CTE — Character Traits Evaluator

Try the Live Demo →

A reusable ML framework for behavioral self-tracking, personality trait extraction, and job-fit evaluation.

CTE provides a complete pipeline from raw behavioral data to actionable career insights. Whether you're tracking your own productivity patterns or building a workforce analytics tool, CTE offers the building blocks you need.

What CTE Does

Raw Behavioral Data → Clean Features → ML Models → Trait Profile → Job-Fit Score

Data Cleaning — Robust, deterministic parsing for messy self-tracking data
Feature Engineering — Temporal features, cyclical encodings, rolling statistics
Trait Extraction — Convert behavioral patterns into personality scores
Job-Fit Scoring — Match traits against job requirements with explainable verdicts

Quick Start (30 seconds)

Option A: Try the Demo Instantly

git clone https://github.com/deepakdeo/cte-project.git
cd cte-project
poetry install

# Launch the dashboard
PYTHONPATH=src poetry run streamlit run scripts/cte_app.py

Then click "🧪 Demo Mode → Load Demo Assets" in the sidebar to see the full experience.

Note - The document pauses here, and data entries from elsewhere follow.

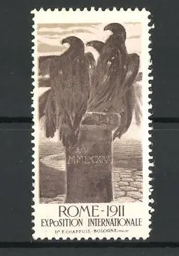 Reklamemarke Rome, Exposition Internationale 1911, Geier sitzen auf einem Gedenkstein
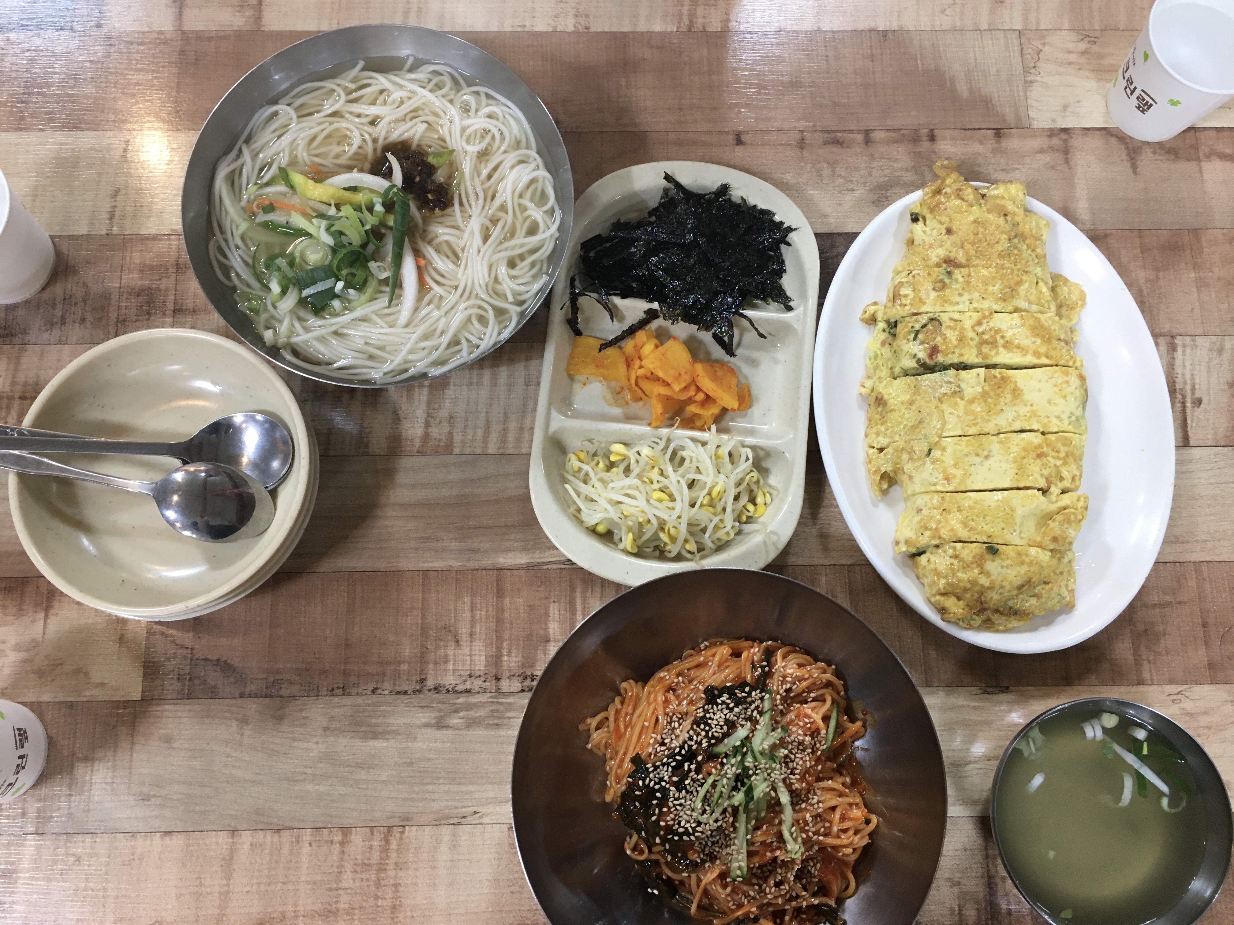다양하게 주문한 메뉴가 나왔습니다. 국수만 먹으면 아쉬우니 계란말이까지 처음으로 주문해 보았습니다. 가운데 3종반찬과 비빔국수랑 함께 곁들이기 좋은 멸치국물이 같이 나옵니다.
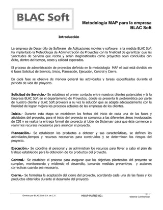El documento presenta la metodología de administración de proyectos (MAP) de BLAC Soft, la cual consta de 6 fases (solicitud de servicio, inicio, planeación, ejecución, control y cierre) y describe brevemente cada una. También incluye una tabla de contenido con 41 tareas y su estado de progreso.
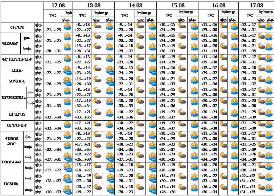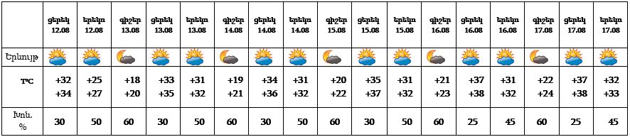 Երևան քաղաքում՝ օգոստոսի 12-ի ցերեկը, 13-17-ը սպասվում է առանց տեղումների եղանակ, երեկոյան ժամերին սպասվում է քամու ուժգնացում՝ 15-20 մ/վ։
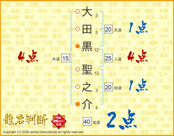 大田黒聖之介さんの人運は25画の4点!
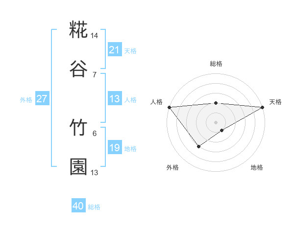 糀谷 竹園さんの総格は40画の2点!

Option B: Generate Your Own Demo Data

# Generate 90 days of synthetic behavioral data
poetry run python src/cte/synthetic.py --days 90 --out data/sample/my_data.csv

# Clean it
poetry run python src/cte/data.py --in data/sample/my_data.csv --out data/sample/my_data_clean.parquet

# Generate a persona
PYTHONPATH=src poetry run python scripts/generate_demo_persona.py

Option C: Use Docker

First, install Docker Desktop for your OS.

Then run:

docker compose up --build

Open http://localhost:8501 in your browser.

To stop: press Ctrl+C in the terminal.

Why Use CTE?

Use Case	How CTE Helps
Self-improvement	Track your patterns, understand what drives productivity
Career planning	Match your traits to job requirements before applying
Workforce analytics	Framework for trait-based team composition
Research	Reproducible pipeline for behavioral studies
Learning	Well-structured ML project demonstrating end-to-end skills

Core Features

Synthetic Data Generator

Generate realistic behavioral data for testing or demos:

from cte.synthetic import generate_synthetic_dataset

# Generate 90 days of data with temporal correlations
df = generate_synthetic_dataset(n_days=90, seed=42)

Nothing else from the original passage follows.